Da «1984»
«La verità è solo quello che il Partito ritiene vero. Non è possibile discernere la realtà se non attraverso gli occhi del Partito. È questo ciò che devi imparare da capo, Winston, e per ottenere un simile scopo è necessario un atto di autoannientamento, uno sforzo della volontà. Per diventare sano di mente devi umiliare te stesso».
Tacque per qualche momento, come per dare a Winston il tempo di afferrare fino in fondo quanto aveva detto.
«Ricordi» riprese a dire «di aver scritto nel tuo diario: “La libertà è la libertà di dire che due più due fa quattro”?».
«Sì» rispose Winston.
O’Brien gli voltò le spalle, quindi sollevò la mano sinistra, tenendo il pollice nascosto e le quattro dita tese.
«Quante sono le dita che tengo alzate, Winston?».
«Quattro».
«E se il Partito dice che le dita non sono quattro ma cinque, quante sono?».
«Quattro».
La parola terminò in un rantolo di dolore. L’ago del quadrante era balzato a cinquantacinque. Ora il corpo di Winston grondava sudore. L’aria gli entrava a forza nei polmoni e ne fuoriusciva sotto forma di lunghi gemiti che non riusciva a trattenere neanche stringendo i denti. O’Brien lo guardava, con le quattro dita ancora tese. Riportò la leva alla posizione di prima. Questa volta il dolore si attenuò solo di poco.
«Quante dita sono, Winston?».
«Quattro».
L’ago salì a sessanta.
«Quante dita sono, Winston?».
«Quattro! Quattro! Che altro posso dire?».
L’ago doveva essere risalito di nuovo, ma lui non lo guardò. Era tutto preso dalla visione delle quattro dita e di quel volto duro e severo. Le dita gli si stagliavano davanti come altrettanti pilastri, enormi, indistinte. Sembravano vibrare, ma non c’era dubbio: erano quattro.
«Quante dita sono, Winston?».
«Quattro! Basta, basta! Ma perché non ti fermi? Sono quattro, quattro!».
«Quante dita sono, Winston?».
«Cinque! Cinque! Cinque!».
«No, Winston, è inutile.
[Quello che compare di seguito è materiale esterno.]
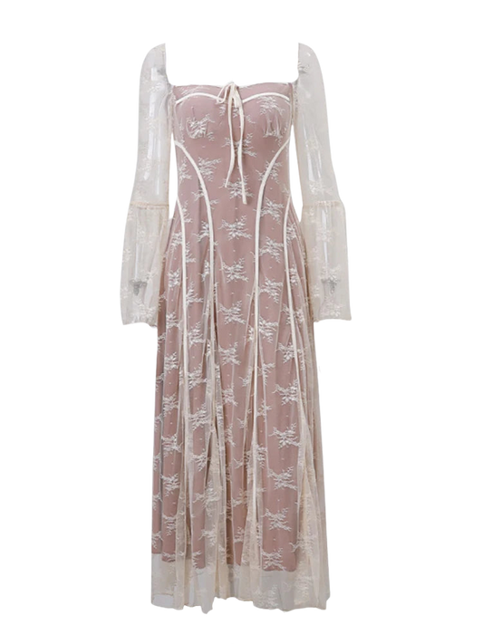 Luxe Vintage Square Collar Lace Long Sleeve Maxi Dress
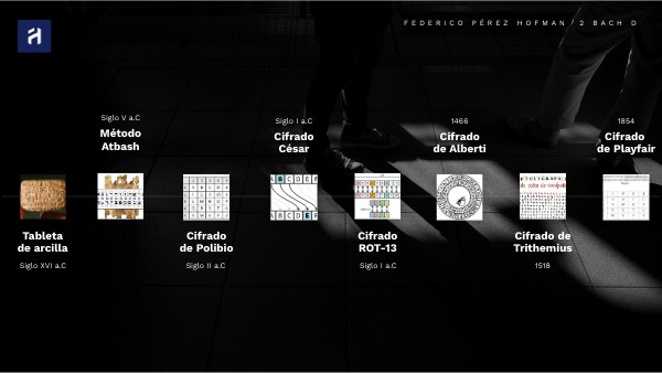 Este trabajo consiste en una linea del tiempo en la que se muestra 8 métodos de encriptación con un tiempo lineal, es decir, de más antiguo a más nuevo.
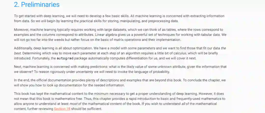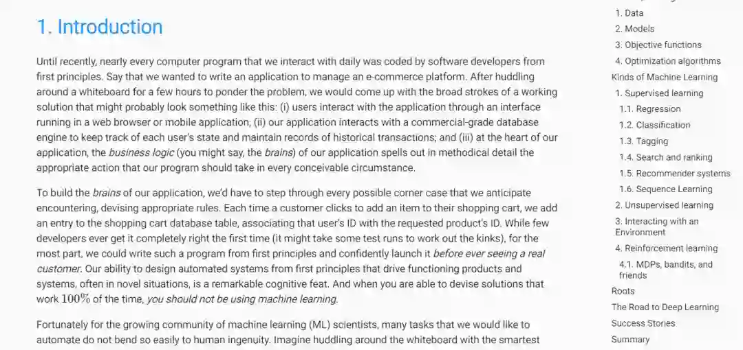 导读】 在过去的五年中,深度学习震惊了世界,推动了计算机视觉,自然语言处理,自动语音识别,强化学习和统计建模等各个领域的快速发展。有了这些先进技术,我们现在可以制造出比以往任何时候都更自主驾驶的汽车(也比你想象中的一些公司的自主性要小),智能回复系统可以自动起草最普通的电子邮件,帮助人们从巨大的收件箱中挖出来,在像围棋这样的棋盘游戏中主宰世界上最优秀人类的软件代理商,这一壮举一度被认为还有几十年的时间。这些工具已经对工业和社会产生了越来越广泛的影响,改变了电影的制作方式,疾病的诊断,并在从天体物理学到生物学的基础科学中发挥着越来越大的作用。这本书代表了作者的尝试,动手学习深度学习,教你相关概念,环境,和代码。
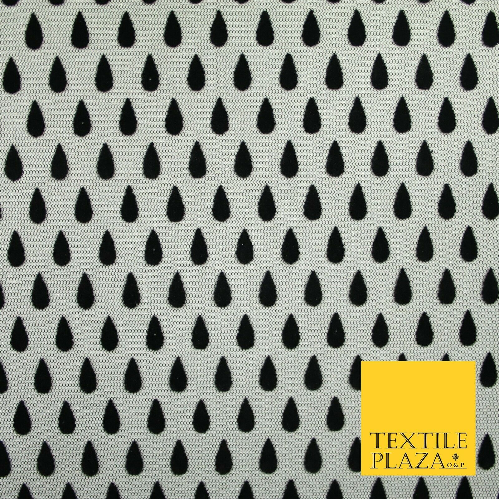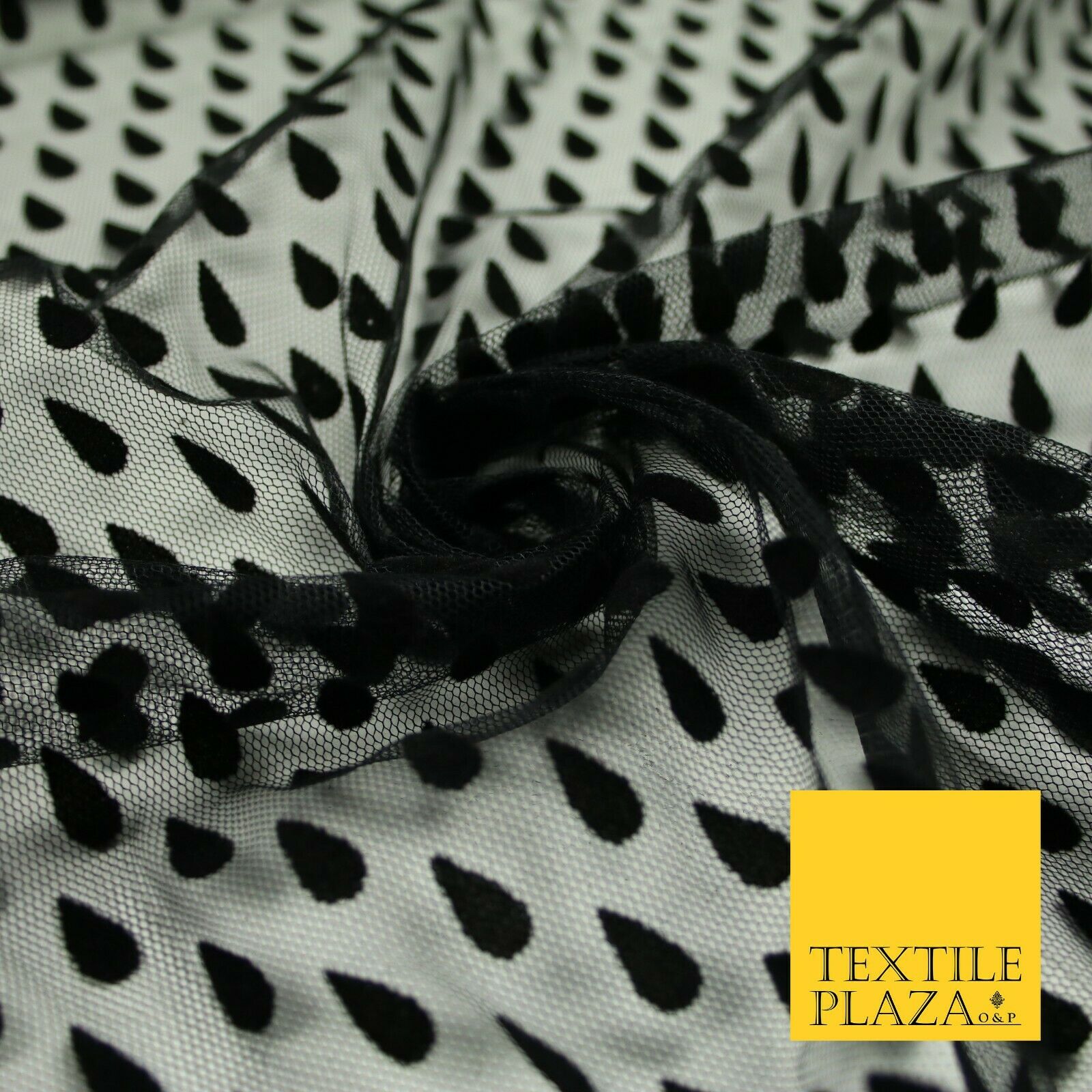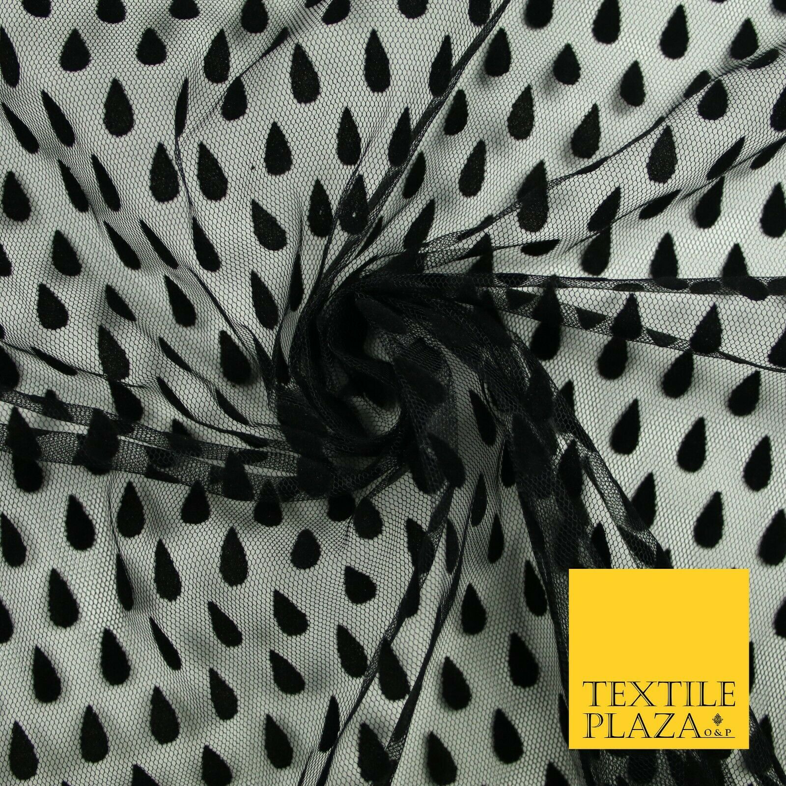Black Falling Teardrops Flocked Power Mesh Net Stretch Dress Fabric 58" 7069

Tu stai mentendo, tu credi ancora che siano quattro. Per piacere, quante dita sono?».
«Quattro! Cinque! Tutto quello che vuoi! Ma basta con questa sofferenza!».
All’improvviso si ritrovò seduto, con O’Brien che gli cingeva le spalle con le braccia. Forse aveva perso i sensi per qualche secondo. I legacci che gli avevano stretto il corpo ora erano allentati. Si sentiva gelare, batteva i denti, il corpo scosso da convulsioni irrefrenabili, mentre un fiotto di lacrime gli correva giù per le guance. Per un attimo si afferrò a O’Brien, come un bambino, stranamente confortato da quel braccio grande e grosso che gli cingeva le spalle. Aveva l’impressione che O’Brien lo proteggesse, che il dolore fosse qualcosa che veniva da fuori, da una qualche sorgente esterna, e che O’Brien fosse l’uomo che poteva stornarlo da quella pena.
«Sei lento nell’apprendere, Winston» disse O’Brien con dolcezza.
«Ma come posso fare a meno…» piagnucolò «come posso fare a meno di vedere quello che ho davanti agli occhi? Due più due fa quattro».
«A volte, Winston. A volte fa cinque, a volte tre. A volte fa cinque, quattro e tre contemporaneamente. Devi sforzarti di più. Non è facile diventare sani di mente».